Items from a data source
================
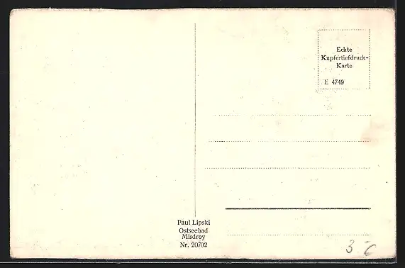 Personenbezogene Daten auf der Rückseite der Karte wurden durch blauen Textmarker unkenntlich gemacht. Die blauen Stellen sind auf die Vorderseite durchgeweicht und wirken sich negativ auf das Postkartenfoto aus
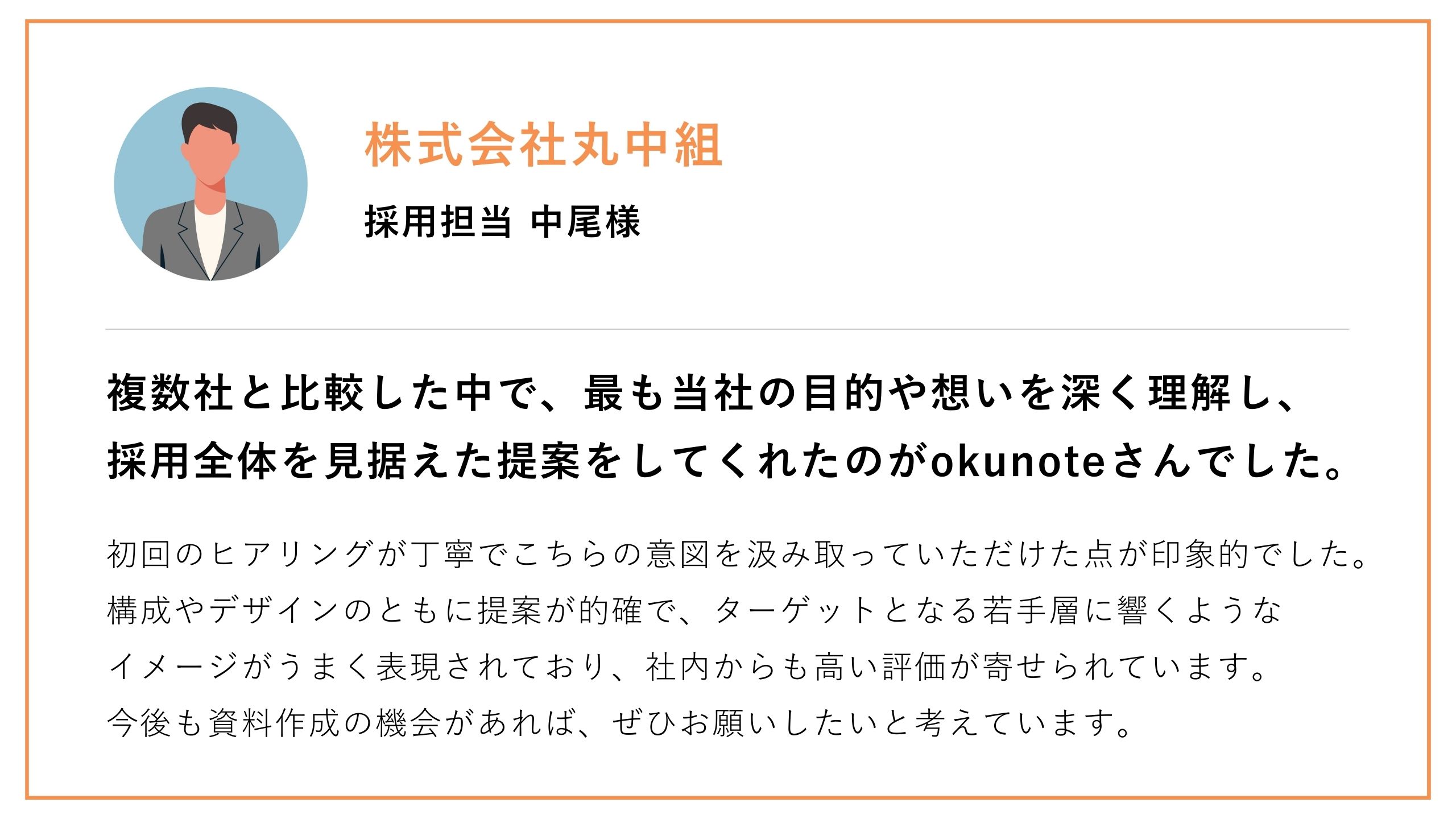【株式会社丸中組】採用活動全体を見据えたご提案をいただき、安心してお任せできると感じました
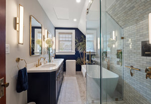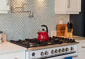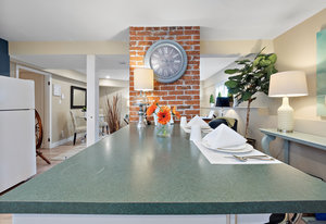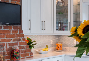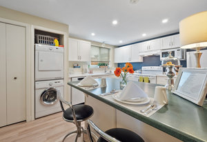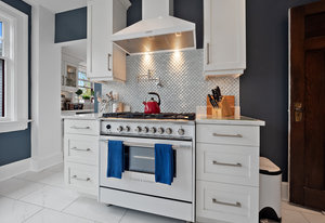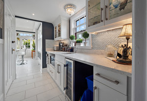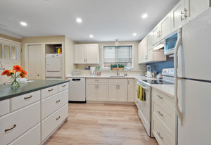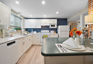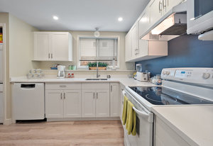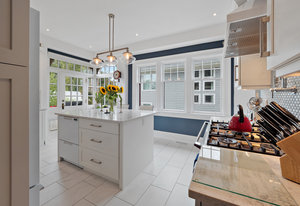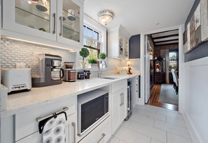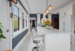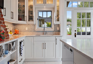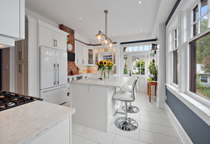The large renovated kitchen is a dream, featuring corner wrapped picture windows, quartz countertops, new fisher paykel appliances, exposed brick & pass through butlers pantry with bar sink & wine fridge. ,
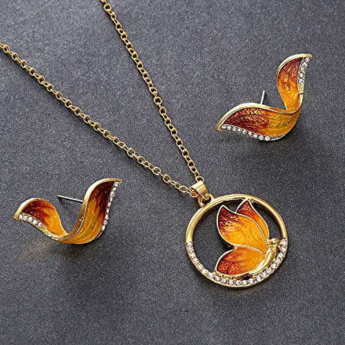 AILUOR Gioielli Elegante Set Farfalla dello Smalto, Orecchini Collana Giallo - Ilgrandebazar
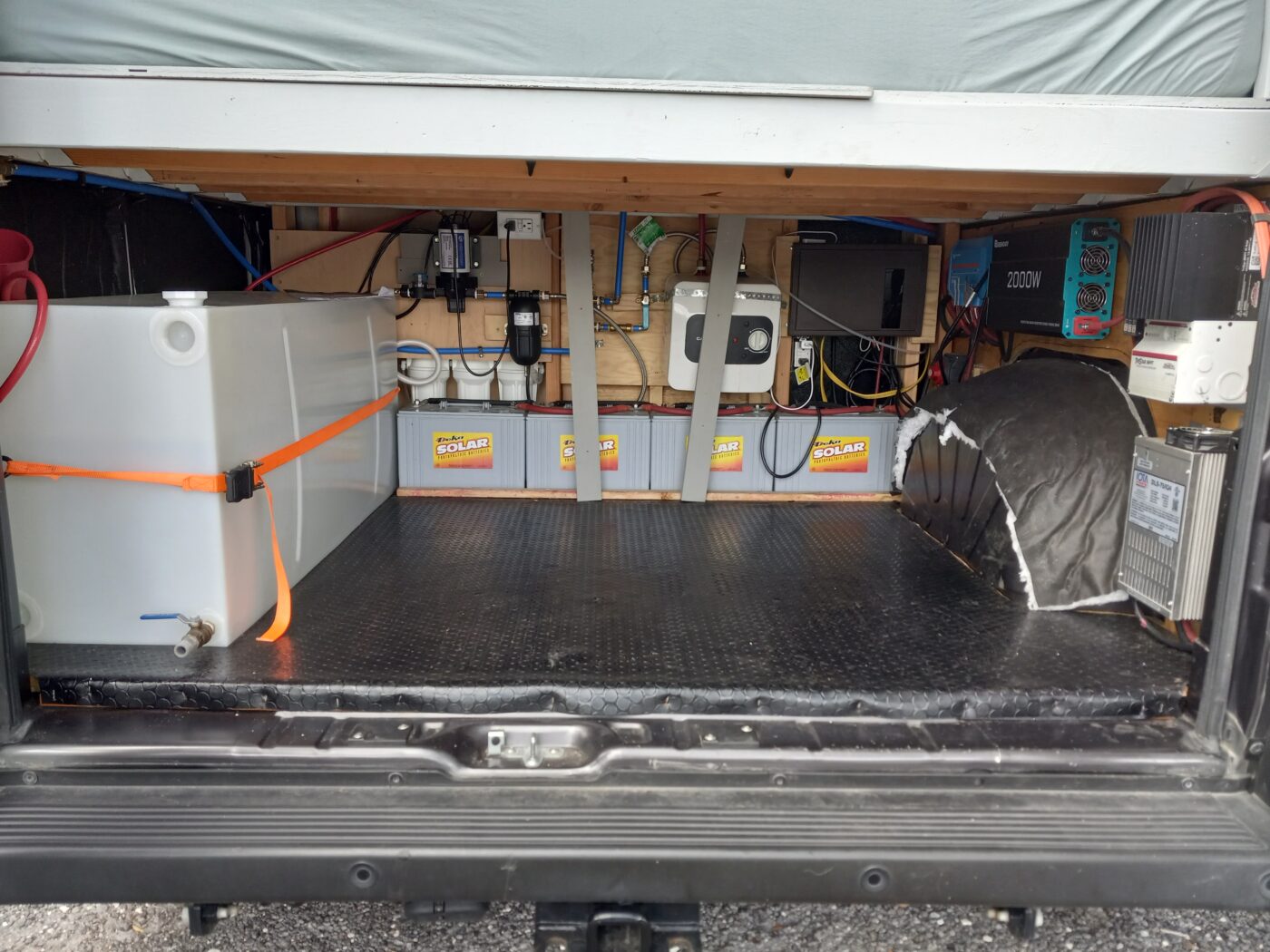 – The bed platform is entirely removable for easy access to work on plumbing and electrical or to maximize storage space if you want to haul more gear.
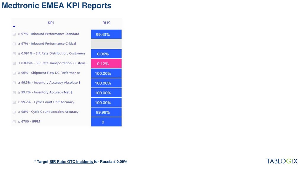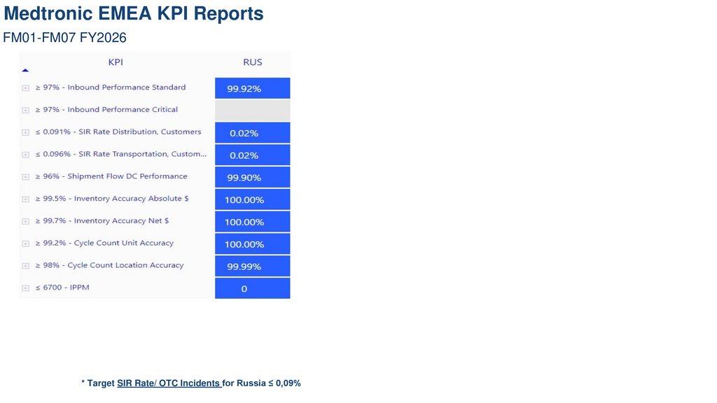 Medtronic EMEA KPI Reports* Target SIR Rate/ OTC Incidents for Russia ≤ 0,09%
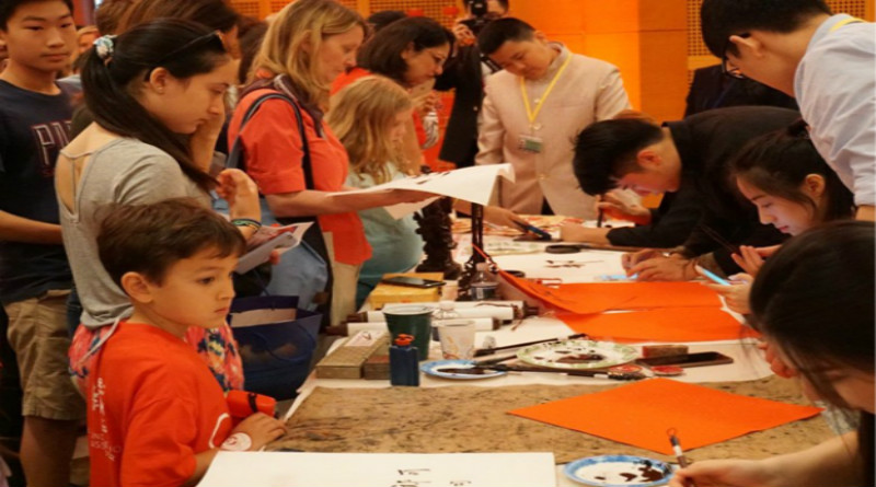 美国人珍妮佛·毕比-格特带着她7岁的儿子和6岁的女儿来到活动现场,第一次体验了用毛笔写字。在工作人员的帮助下,她的女儿写出了自己的中文名字,兴奋地展示给妈妈。珍妮佛告诉新华社记者,她的女儿是几年前从中国领养的,这次带儿女来参加开放日活动,是希望他们能够更多地了解和体验中国文化。
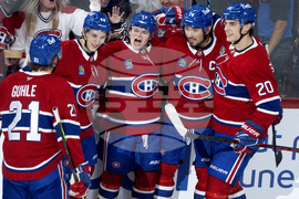 Montreal Canadiens' Cole Caufield (13) celebrates his goal over the Seattle Kraken with teammates from left to right Kaiden Guhle (21), Lane Hutson (48), Nick Suzuki (14) and Juraj Slafkovsky (20) during second period NHL hockey action in Montreal on Tuesday, Oct. 14, 2025. (Christinne Muschi/The Canadian Press via AP)
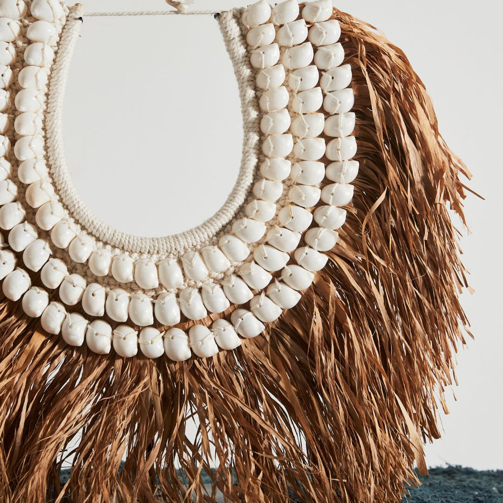 Immerse yourself in the exquisite allure of this stunning masterpiece, meticulously crafted from the essence of raffia and adorned with exquisite seashell embellishments.
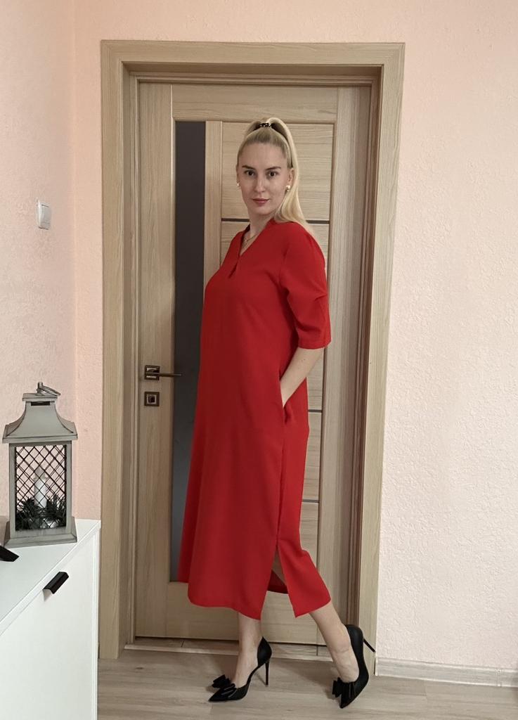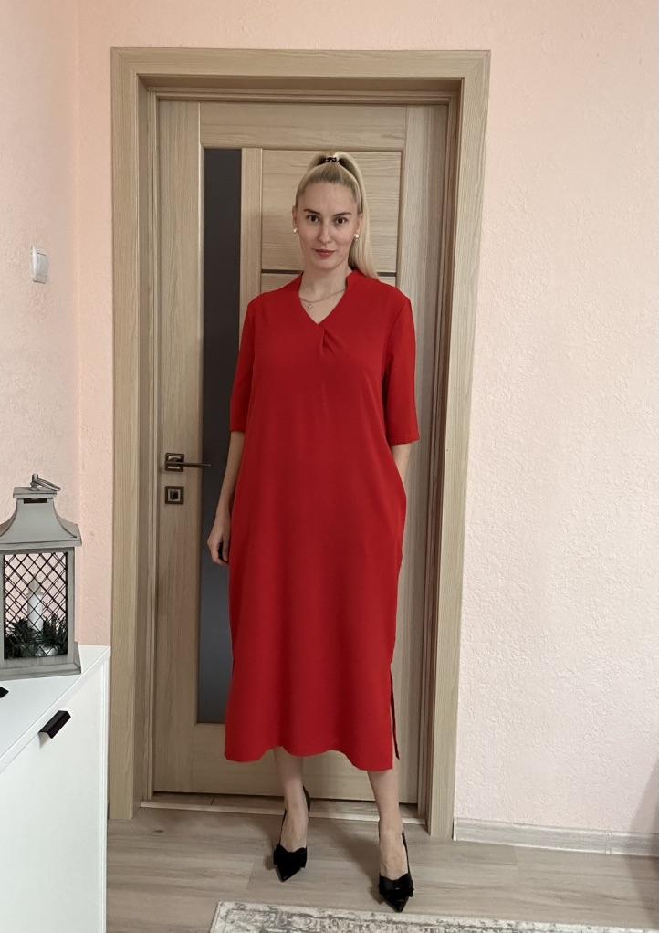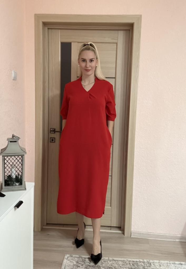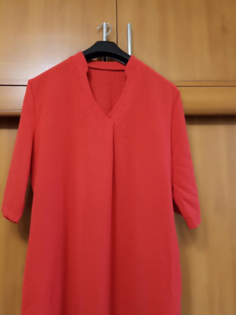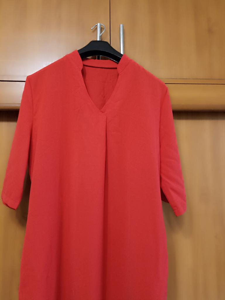 This high-quality polyester dress features a casual loose cut, ensuring comfort with its soft and lightweight fabric. The V-neck long dress design includes loose tailoring and wrinkle details for a simple yet stylish look.
================
◆ **WORK TASK**
Leave the pictures out and output the rest of the data word for word.

◆ **TASK RESPONSE**
 Personenbezogene Daten auf der Rückseite der Karte wurden durch blauen Textmarker unkenntlich gemacht. Die blauen Stellen sind auf die Vorderseite durchgeweicht und wirken sich negativ auf das Postkartenfoto aus
【株式会社丸中組】採用活動全体を見据えたご提案をいただき、安心してお任せできると感じました
The large renovated kitchen is a dream, featuring corner wrapped picture windows, quartz countertops, new fisher paykel appliances, exposed brick & pass through butlers pantry with bar sink & wine fridge. ,
 AILUOR Gioielli Elegante Set Farfalla dello Smalto, Orecchini Collana Giallo - Ilgrandebazar
 – The bed platform is entirely removable for easy access to work on plumbing and electrical or to maximize storage space if you want to haul more gear.
 Medtronic EMEA KPI Reports* Target SIR Rate/ OTC Incidents for Russia ≤ 0,09%
 美国人珍妮佛·毕比-格特带着她7岁的儿子和6岁的女儿来到活动现场,第一次体验了用毛笔写字。在工作人员的帮助下,她的女儿写出了自己的中文名字,兴奋地展示给妈妈。珍妮佛告诉新华社记者,她的女儿是几年前从中国领养的,这次带儿女来参加开放日活动,是希望他们能够更多地了解和体验中国文化。
 Montreal Canadiens' Cole Caufield (13) celebrates his goal over the Seattle Kraken with teammates from left to right Kaiden Guhle (21), Lane Hutson (48), Nick Suzuki (14) and Juraj Slafkovsky (20) during second period NHL hockey action in Montreal on Tuesday, Oct. 14, 2025. (Christinne Muschi/The Canadian Press via AP)
 Immerse yourself in the exquisite allure of this stunning masterpiece, meticulously crafted from the essence of raffia and adorned with exquisite seashell embellishments.
 This high-quality polyester dress features a casual loose cut, ensuring comfort with its soft and lightweight fabric. The V-neck long dress design includes loose tailoring and wrinkle details for a simple yet stylish look.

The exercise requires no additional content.